ASSIGNED TASK
Give back exactly the lines of the material below, starting with the line with "據(jù)水泥人網(wǎng" and going on through the line with "Head Is Killed".

DATA SHOWN

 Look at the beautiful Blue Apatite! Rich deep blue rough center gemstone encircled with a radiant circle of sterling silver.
...
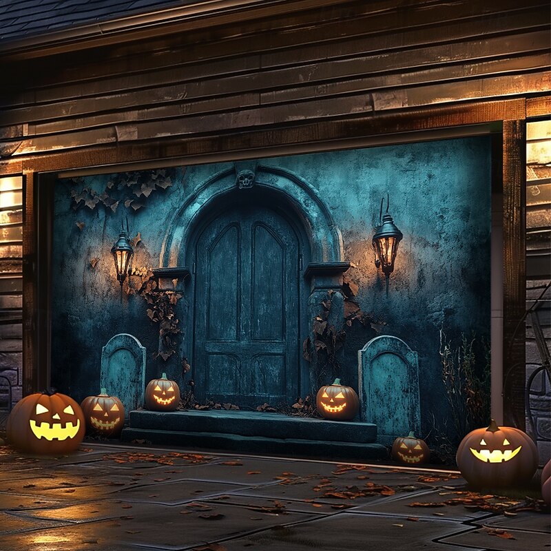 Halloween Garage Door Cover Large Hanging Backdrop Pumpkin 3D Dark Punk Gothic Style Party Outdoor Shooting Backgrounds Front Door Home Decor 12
--
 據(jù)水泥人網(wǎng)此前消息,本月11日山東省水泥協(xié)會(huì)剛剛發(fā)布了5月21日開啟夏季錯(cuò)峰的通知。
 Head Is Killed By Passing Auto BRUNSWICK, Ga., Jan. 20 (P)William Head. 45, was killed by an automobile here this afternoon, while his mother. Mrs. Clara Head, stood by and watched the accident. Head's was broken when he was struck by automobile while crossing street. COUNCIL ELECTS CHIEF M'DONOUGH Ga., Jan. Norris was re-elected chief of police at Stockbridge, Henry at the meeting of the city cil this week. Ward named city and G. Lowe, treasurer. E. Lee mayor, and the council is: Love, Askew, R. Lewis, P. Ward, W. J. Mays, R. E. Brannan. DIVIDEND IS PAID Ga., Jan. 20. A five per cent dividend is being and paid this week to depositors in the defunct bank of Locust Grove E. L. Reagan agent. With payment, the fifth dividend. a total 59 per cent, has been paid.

REPLY TO THE EXERCISE
 據(jù)水泥人網(wǎng)此前消息,本月11日山東省水泥協(xié)會(huì)剛剛發(fā)布了5月21日開啟夏季錯(cuò)峰的通知。
 Head Is Killed By Passing Auto BRUNSWICK, Ga., Jan. 20 (P)William Head. 45, was killed by an automobile here this afternoon, while his mother. Mrs. Clara Head, stood by and watched the accident. Head's was broken when he was struck by automobile while crossing street. COUNCIL ELECTS CHIEF M'DONOUGH Ga., Jan. Norris was re-elected chief of police at Stockbridge, Henry at the meeting of the city cil this week. Ward named city and G. Lowe, treasurer. E. Lee mayor, and the council is: Love, Askew, R. Lewis, P. Ward, W. J. Mays, R. E. Brannan. DIVIDEND IS PAID Ga., Jan. 20. A five per cent dividend is being and paid this week to depositors in the defunct bank of Locust Grove E. L. Reagan agent. With payment, the fifth dividend. a total 59 per cent, has been paid.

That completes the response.